PEGylated carboxyhemoglobin bovine (Sanguinate, Prolong Pharmaceuticals), has anti-vaso–constrictive properties which aid in the transfer of oxygen to oxygen-deprived cells and tissues. It is currently the only product in development designed to target comorbidities associated with sickle cell disease, such as vaso-occlusive crisis, acute chest syndrome, leg ulcers and pediatric and adult stroke.
PEGylated carboxyhemoglobin bovine is currently being evaluated in a phase 2 study for the reduction or prevention of delayed cerebral ischemia following subarachnoid hemorrhage. Phase 2 trials of PEGylated carboxyhemoglobin bovine also are planned to evaluate vaso-occlusive crisis and leg ulcers secondary to sickle cell disease and for preventing delayed graft function following kidney transplantation.

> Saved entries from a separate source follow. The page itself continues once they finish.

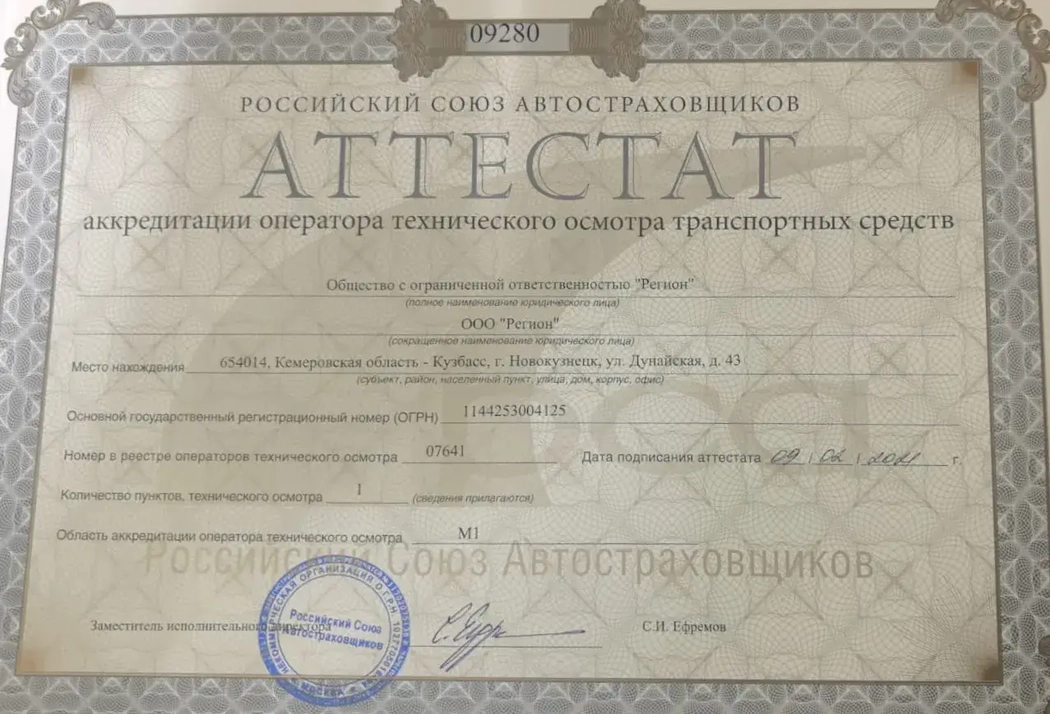 Общество с ограниченной ответственностью «РЕГИОН» (ООО «РЕГИОН») внесено в реестр операторов технического осмотра за №7641. По номеру оператора, указанному в аттестате, можно проверить аккредитацию на сайте РСА.
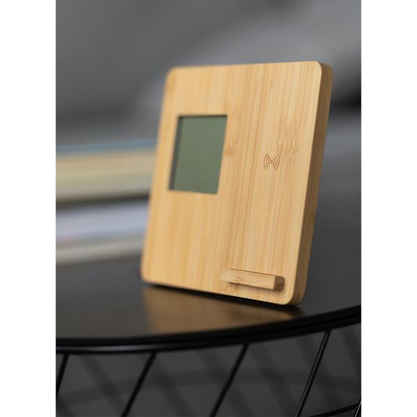Ładowarka bezprzewodowa w bambusowej obudowie o mocy 10W z podstawką pod telefon. Duży przejrzysty wyświetlacz poinformuje nas o godzinie, temperaturze i wilgotności otoczenia. Kabel USB w komplecie. W zestawie 1 bateria CR2032.
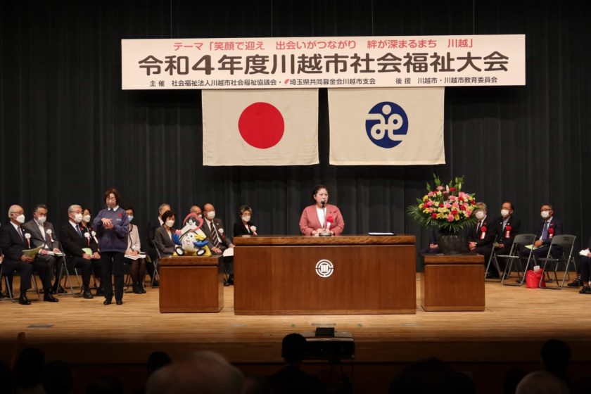 11日、令和4年度川越社会福祉大会が3年振りにリアル開催され、来賓として出席し祝辞を述べました。 祝辞では、表彰を受けられた皆様はじめ、社会福祉に寄与されている方々が、このコロナ禍でも配慮が必要な方々と接し、地域やご家庭

The product is also being evaluated internationally for the treatment of beta-thalassemia.
"Our Orphan Drug Designation has been issued based in part on Sanguinate's unprecedented ability to un-sickle sickle cells," Glenn Kazo, MS, president of Prolong Pharmaceuticals, said in a press release. "We now have multiple clinical studies underway where we hope to establish Sanguinate’s safety and efficacy in [sickle cell disease] and other diseases that are caused by the effects of oxygen deprivation."
The FDA’s Office of Orphan Products Development grants orphan drug designation to novel drugs and biologics that are intended for the safe and effective treatment, diagnosis or prevention of rare diseases or disorders that affect fewer than 200,000 people in the United States.